GODSPOWER ODE v. THE STATE

(2019)LCN/13269(CA)

In The Court of Appeal of Nigeria

On Thursday, the 16th day of May, 2019

CA/B/317C/2015

RATIO

CONSPIRACY: BEST WAY TO RESOLVE THE ISSUE OF CONSPIRACY

It is trite that the offence of Conspiracy is difficult to prove. This is understandable because it is often contrived in secrecy. Circumstantial evidence is often resorted to in pointing out the fact that the Conspirators had agreed on the plan to commit the Crime.PER CHIOMA EGONDU NWOSU-IHEME, J.C.A.

CONSPIRACY: NATURE
There must therefore be an act done in the open to justify the inference of Conspiracy. The offence of Conspiracy is said to have taken place when people have acted by agreement or in concert.PER CHIOMA EGONDU NWOSU-IHEME, J.C.A.

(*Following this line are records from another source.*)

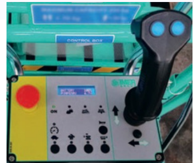
Quadro comandi sulla piattaforma con pulsanti capacitivi: semplicità e sicurezza di utilizzo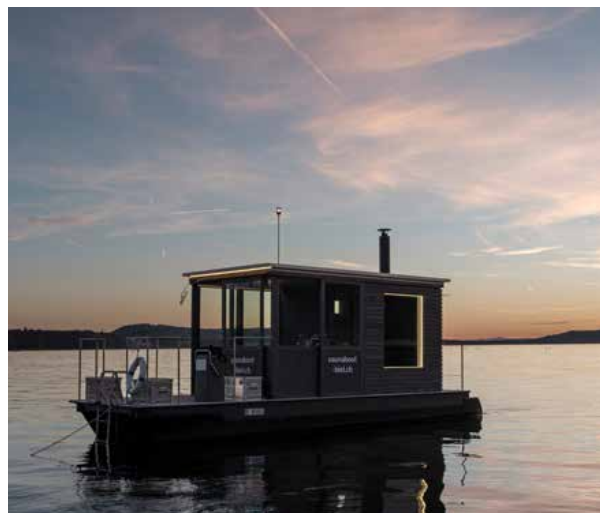
↗ Sur le lac de Bienne, un bateau dont la cabine est aménagée en sauna peut être loué pour la demi-journée à partir de deux personnes.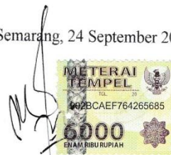
Suryo Atmojo Prakoso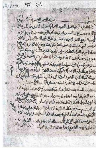
Sibtu'l-Hayyât'ın el-Mübhic adlı eserinin unvan sayfasıyla ilk sayfası (Millet Ktp., Feyzullah Efendi, nr. 10)

29 Şâban 464'te (21 Mayıs 1072) Bağdat'ta doğdu. Anne tarafından dedesi Şeyhülislâm Ebû Mansûr Muhammed b. Ahmed b. Ali el-Hayyât'a nisbetle Sibtu'l-Hayyât diye meşhur oldu. Kendisinden büyük olan kardeşi kıraat âlimi Ebû Abdullâh Hüseyin b. Ali de aynı lakapla anılmıştır. Abdullâh ilimle uğraşan bir aile ortamında yetişti. Ebû'l-Hüseyn İbnü'n-Nakûr, Ebû Mansûr Muhammed b. Muhammed el-Ukberî, Tîrâd ez-Zeynebî ve Sâbit b. Bûndâr'dan hadis dinledi. Başta dedesi Ebû Mansûr el-Hayyât olmak üzere Şerîf Abdülkâhîr b. Abdüsselâm el-Mekkî el-Abbâsî, İbn Sivâr, Ebû'l-Hattâb İbnü'l-Cerrâh, Sâbit b. Bûndâr, Yahyâ b. Ahmed es-Seyyibî gibi âlimlerden kıraat ilmi tahsil etti. 500 (1107) yılında Mekke'de Abdülhak b. Ebû Mervân es-Selcî'den Ebû Amr ed-Dânî'nin et-Tey-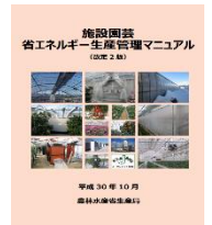
▲省エネマニュアル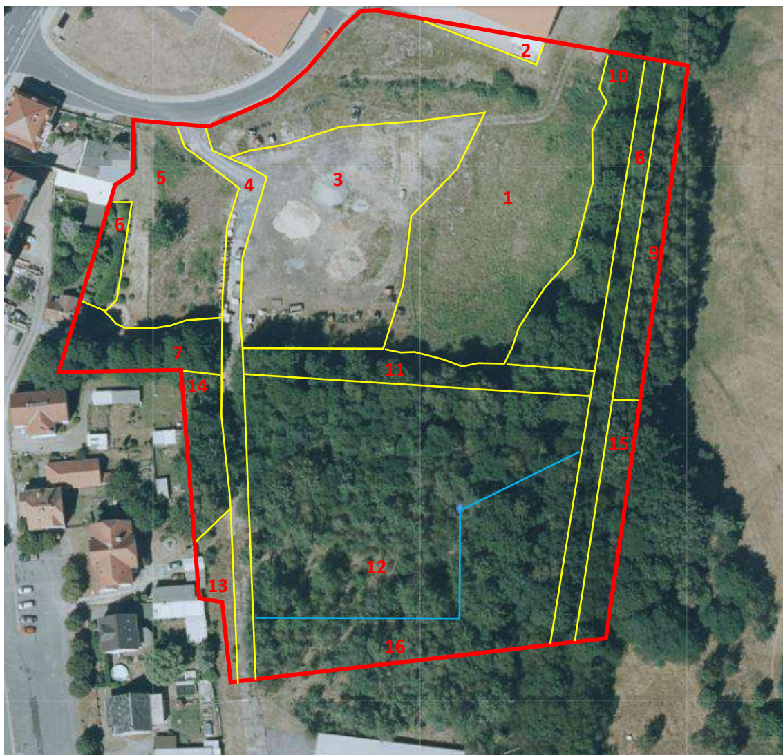
Abb. 3: Räumliche Anordnung der Biotoptypen im Plangebiet.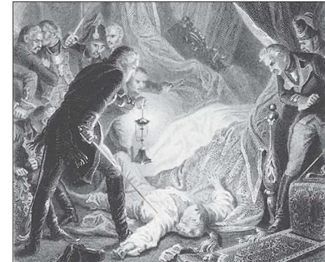
Боявшийся заговоров Павел I решил построить для себя безопасную резиденцию – Михайловский замок. Здание со всех сторон было окружено водой, и попасть в него можно было только через мосты, охранявшиеся часовыми. Тем не менее через сорок дней после переезда в новый дворец, 12 марта 1801 года, Павел был убит в собственной спальне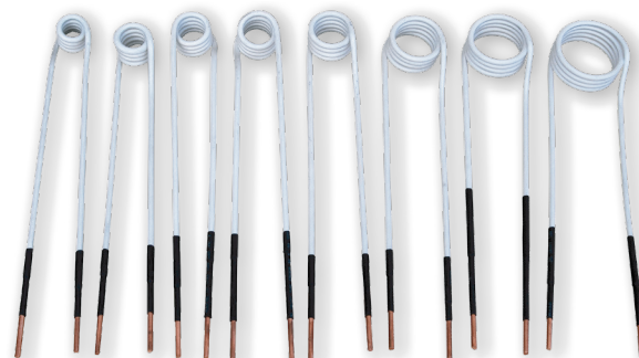
nasazovací boční cívky - rozměry viz tabulka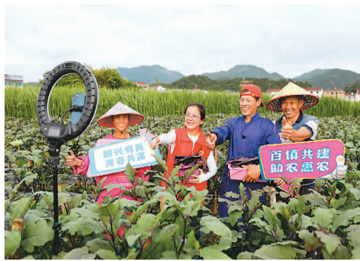
浙江省金华市开展“百镇共建”以来,义乌市苏溪镇和磐安县尚湖镇结对共建,解决农民的燃眉之急。图为苏溪镇青年委员通过直播带货+社区团购的模式销售尚湖镇茄子等农副产品。

民政部相关负责人表示,健全完善村级综合服务功能,是国家对村级服务首次系统性、完整性提出要求,对村当下需要哪些服务做出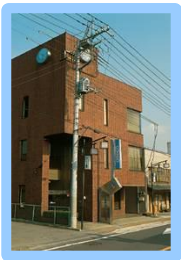
● 本 社 【群馬県みどり市】

専門分野をもつ企業を集結させたグループ体制は、フレキシブルな「顧客要求」を実現します。

CONSPIRACY: PROOF THAT AN ACCUSED CONSPIRED

In SALAMI VS. THE STATE (2015) 2 NWLR (PT. 1444) PG 595 at 610, the Supreme Court per Kumai Akaahs JSC stated thus:
In a Charge for an offence which is linked with Conspiracy, the actual presence of the accused person where the offence is committed together with prior abetment means participation in the offence.PER CHIOMA EGONDU NWOSU-IHEME, J.C.A.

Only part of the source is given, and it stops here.